Semua dari kegiatan tersebut dilakukan dengan pemanduan dan pengawasan yang ketat dari orang-orang yang ahli agar pelaksanaan usaha yang dijalankan memiliki espektasi sukses lebih tinggi, serta juga dimasukkan ke dalam kurikulum pendidikan dan menjadi kegiatan wajib bagi anak didik.
c. Output dengan orientasi sebagai akademisi atau tenaga kependidikan.
Tidak semua lulusan ingin menjadi karyawan atau entrepreneur, ada juga diantara mereka yang ingin menjadi tenaga pendidik. Maka Perguruan Tinggi juga harus memfasilitasinya dengan jalan menjadikan asistensi sebagai bagian dari kurikulum pendidikan dan menjadi mata kuliah yang harus ditempuh oleh peserta didik.

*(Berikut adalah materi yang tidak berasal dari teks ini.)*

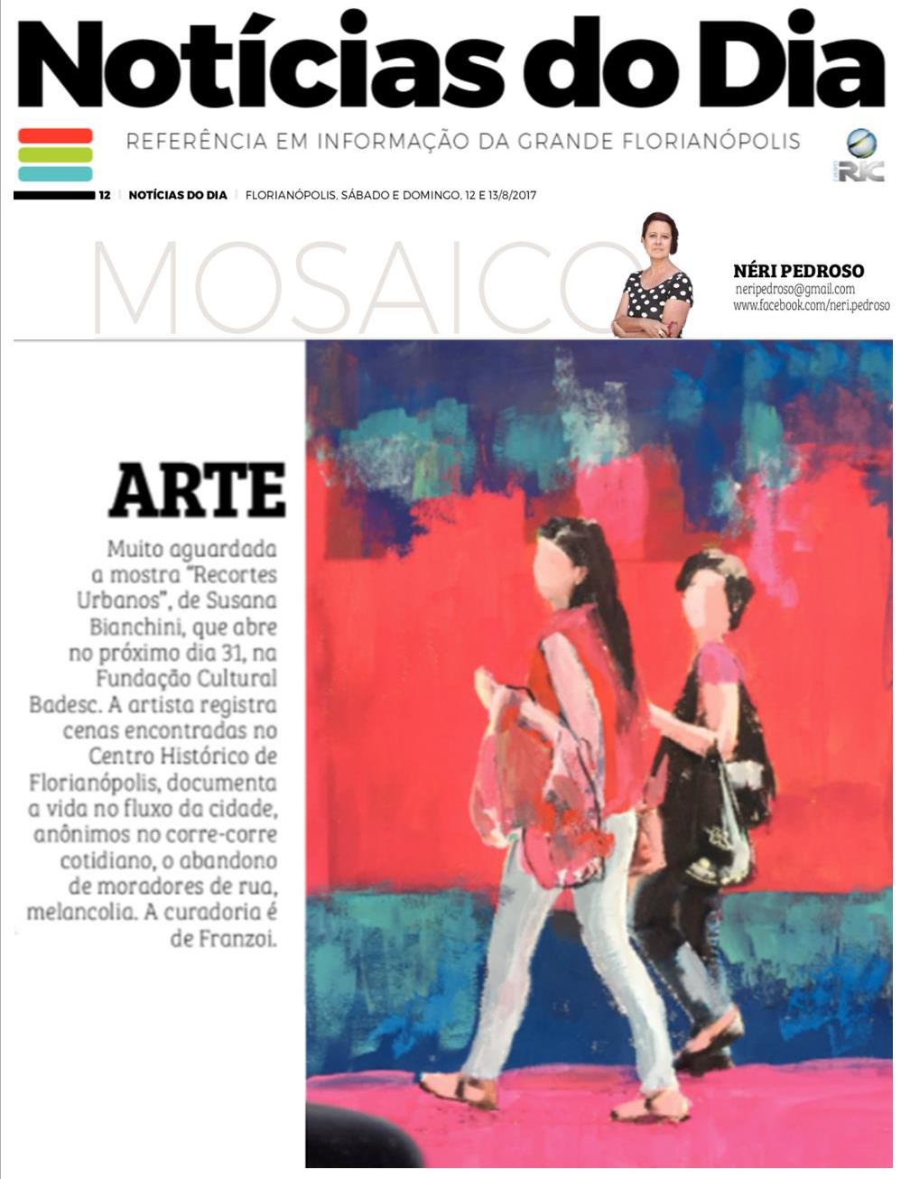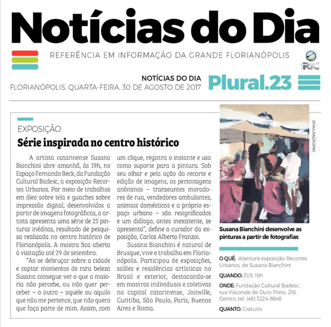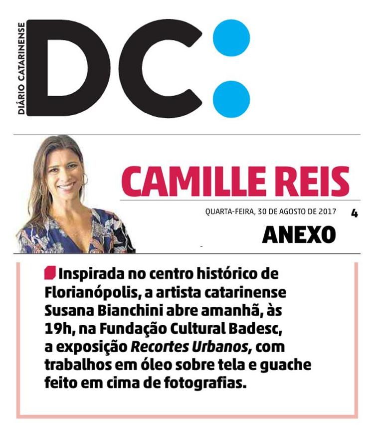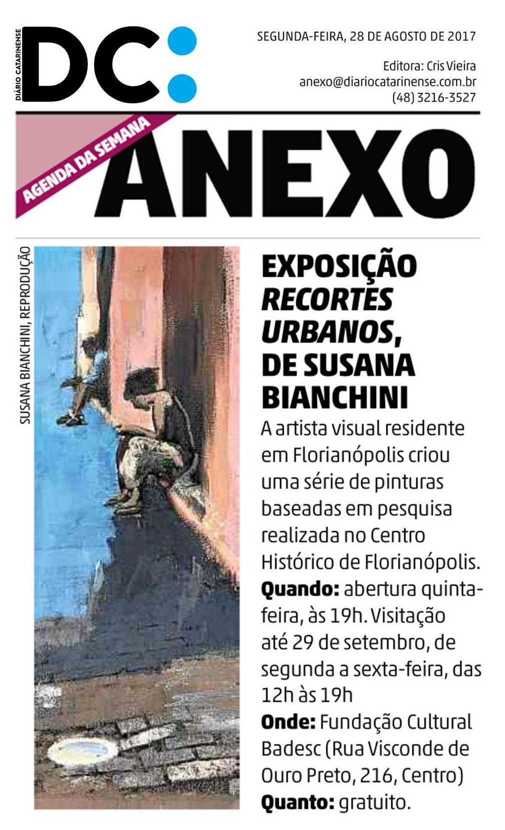 A artista catarinense Susana Bianchini abre na quinta-feira (31/08), às 19h, no Espaço Fernando Beck, da Fundação Cultural Badesc, a exposição Recortes Urbanos. Por meio de trabalhos em óleo sobre tela e guaches sobre impressão digital, desenvolvidos a partir de imagens fotográficas, a artista apresenta uma série de 25 pinturas inéditas, fruto de pesquisa realizada no centro histórico de Florianópolis. A entrada é gratuita e fica aberta para visitação até 29 de setembro.
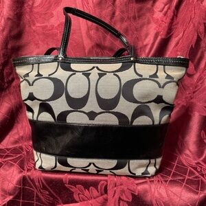 This stylish shoulder bag from Coach is an ideal accessory for any fashion-conscious woman. Crafted from a blend of high-quality canvas and leather materials, it’s designed to withstand the demands of daily use while maintaining its impeccable appearance. Its sleek black exterior complements any outfit, making it a versatile addition to your wardrobe. Whether you’re headed to work or out on the town, this Coach purse elevates your look. With ample space for your phone, wallet, and makeup, you can confidently carry your essentials without worrying about leaving anything behind. Its timeless design and robust construction ensure that it’s a must-have for any woman who values both style and functionality.
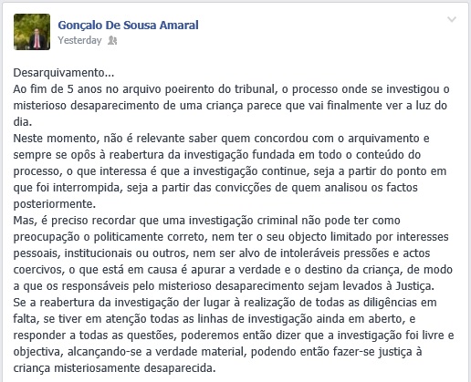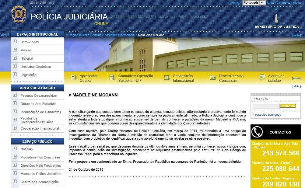 the disappearance of the English child Madeleine McCann, after the Judiciary Police presented new elements.
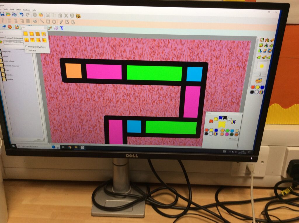 In the next session they drew their board out in Textease, amending their brush to ensure the lines weren’t too thick and using the snap to grid function so their game spaces were all level.
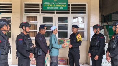 MATARAM, 20 Juni 2025 – Batalyon A Pelopor Sat Brimob Polda NTB kembali menunjukkan kepedulian sosialnya melalui kegiatan bakti sosial, kali ini dalam rangka menyambut Hari Ulang Tahun (HUT) Bhayangkara ke-79. Pada Jumat, 20 Juni 2025, personel dari Kompi 1 Brimob menyalurkan bantuan sembako ke sejumlah panti asuhan di Kota Mataram, sebuah wujud nyata semangat pengabdian kepada masyarakat.
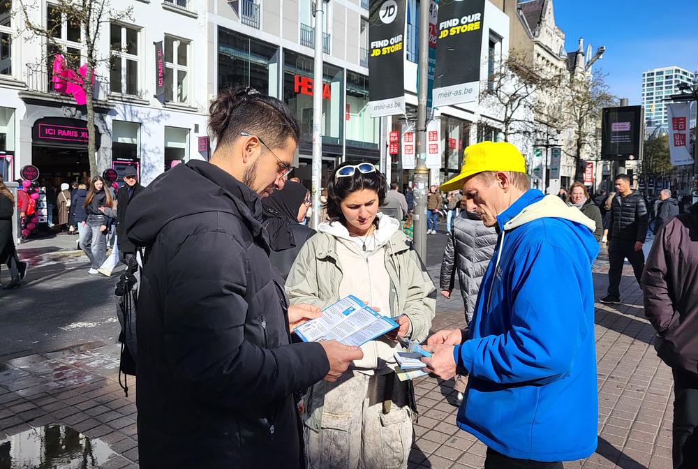 Falun Dafa praktikanti su u centru grada Antwerpena 23. marta 2024. održali informativni dan kako bi predstavili Falun Dafa, tradicionalnu praksu uma i tijela. Nakon što su saznali kako Komunistička partija Kine (KPK) progoni ovu duhovnu disciplinu, mnogi ljudi su potpisali peticije pozivajući da se prekine brutalnost, a dva kineska studenta su napustila organizacije KPK kojima su se prethodno pridružili.
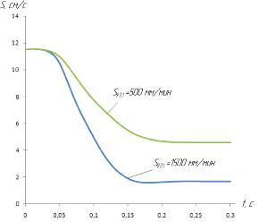 были проведены исследования влияния параметров гидропривода на его динамические характеристики. Исследования показали, что применение гидроустройства с автоматическим регулятором позволяет сократить разброс координаты остановки рабочего органа, наибольшее влияние на динамические характеристики оказывает форма рабочего элемента управляющего устройства, скорость установившегося движения.
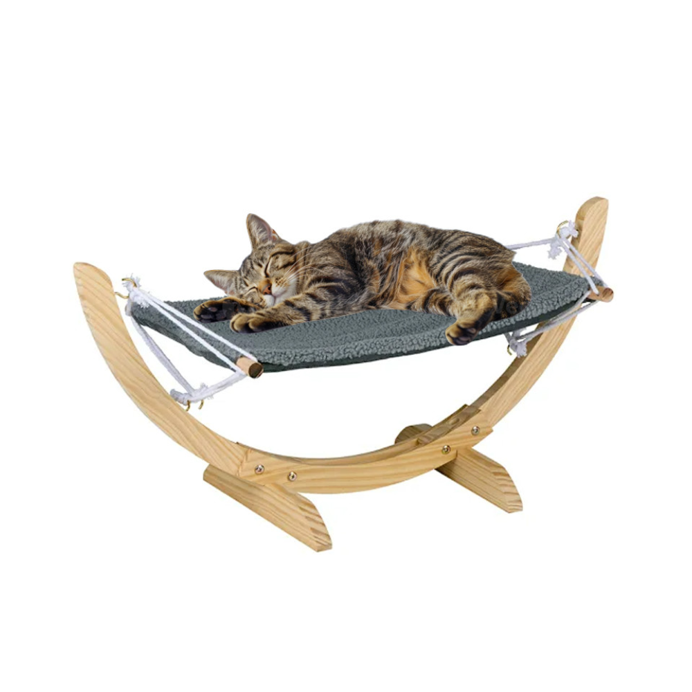Pružite svom ljubimcu udobno mjesto za odmor uz viseću mrežu za mačke, savršenu za opuštanje malo iznad tla. Zahvaljujući drvenom okviru i izdržljivoj tkanini, ova mreža nudi stabilnost, sigurnost i udobnost. Neutralan dizajn lako se uklapa u većinu enterijera, čineći je funkcionalnim i estetski privlačnim dodatkom vašem domu.
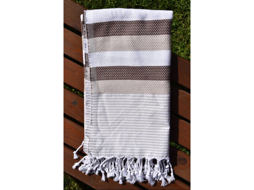 Osuška je s pruhovaným vzorem Hnědé, béžové a bílé barvy a na jejím konci jsou ručně vázané třásně
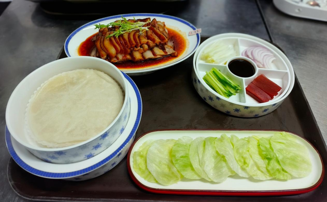 吃法类似片皮鸭:将烧腊放在荷叶饼上,搭配生菜,佐以甜面酱、葱条、黄瓜条等,卷起食用,满口鲜香。
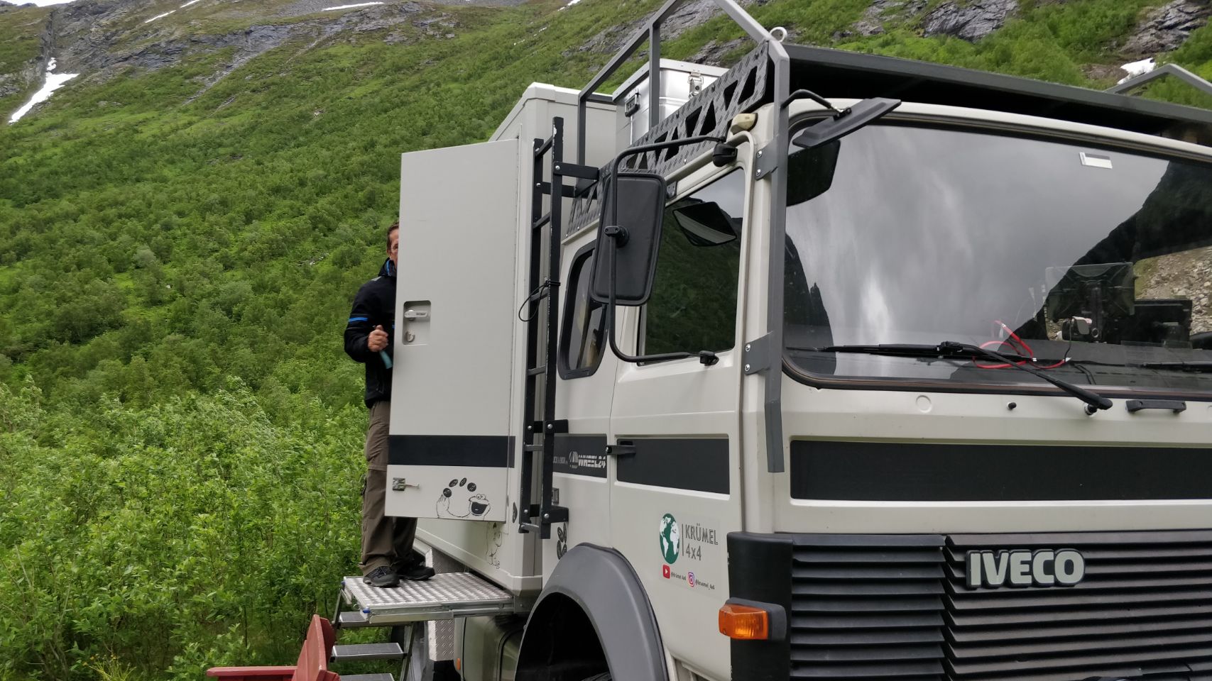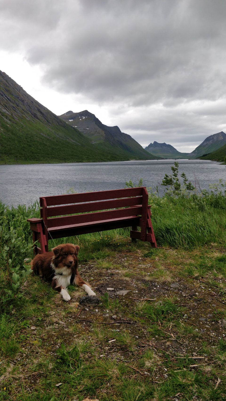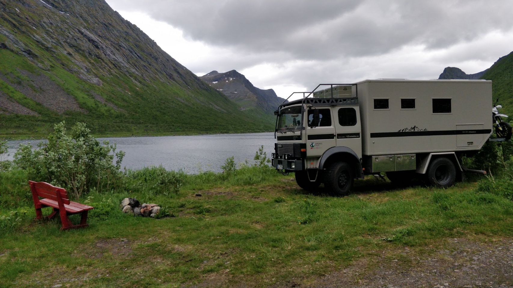 Wir fahren nicht mehr großartig weiter sondern nur bis sozusagen ans „Dead End“ des Gryllefjord auf der alten Straße. Dieser Abschnitt ist eine Sackgasse und wird nicht mehr viel genutzt, da eine es mittlerweile weiter vorn eine Brücke gibt. Der Stellplatz ist sehr schön, mit tollem Blick über den ganzen Fjord, es fehlen nur mal wieder so ca. 10 bis 15 Grad wärmer und etwas weniger Wind zum Glück. In der Nacht wächst der Wind übrigens zum ordentlichen Sturm an, so gelegentlich grübeln wir schon mal, ob der KRÜMEL nicht gleich auf der Seite liegt….

Ketiga, Perbaikan Tenaga Pendidik
Baik tidaknya kualitas suatu Perguruan Tinggi dapat dilihat dari seberapa baik kualitas tenaga pendidiknya. Berangkat dari sudut pandang ini maka Perguruan Tinggi selaku pencetak sumber daya manusia seharusnya juga memperhatikan kapasitas dan kapabilitas tenaga pendidik yang dimiliki, karena tidak dapat dipungkiri bahwa dari tenaga pendidik inilah hampir lima puluh persen baik ilmu pengetahuan maupun keterampilan ditransformasikan kepada peserta didik.
Oleh sebab itu maka Perguruan Tinggi sudah seharusnya memperhatikan salah satu instrument penting ini untuk lebih ditingkatkan kualitasnya melalui:
- Tenaga pendidik yang belum memenuhi kualifikasi pendidikan segera diberi kesempatan untuk melanjutkan pendidikan ke jenjang yang lebih tinggi.
- Mengutamakan tenaga pendidik yang memiliki pendidikan yang linier dari S1, S2 sampai dengan S3 agar memiliki spesifikasi keilmuan yang khusus sehingga dapat mentransformasi bidang keilmuannya secara lebih fokus.
- Rasio tenaga pendidik dengan jumlah peserta didik harus proporsional, agar proses transformasi keilmuan yang dilakukan berjalan dengan lancar.

Keempat, Perbaikan Infrastruktur
Yang terakhir lembaga pendidikan khususnya Perguruan Tinggi dalam proses pelaksanaan kegiatannya tidak akan berjalan degan optimal apabila tidak didukung dengan sarana infrastruktur yang memadai. Bagaimana akan berjalan dengan baik proses belajar mengajarnya apabila rasio gedung perkuliahan dengan jumlah peserta didiknya tidak seimbang, dan lain sebagainya.
Dengan demikian maka keempat hal atau instrumen diatas sangat perlu untuk dilakukan perbaikan dan perubahan. Dengan pertimbangan agar Perguruan Tinggi sebagai eskalator industrialisasi sekaligus mesin pencetak produk sumber daya manusia dapat memperbaiki kualitas output atau lulusannya sehingga lebih nampak eksistensi dan kontribusinya terhadap bangsa ini.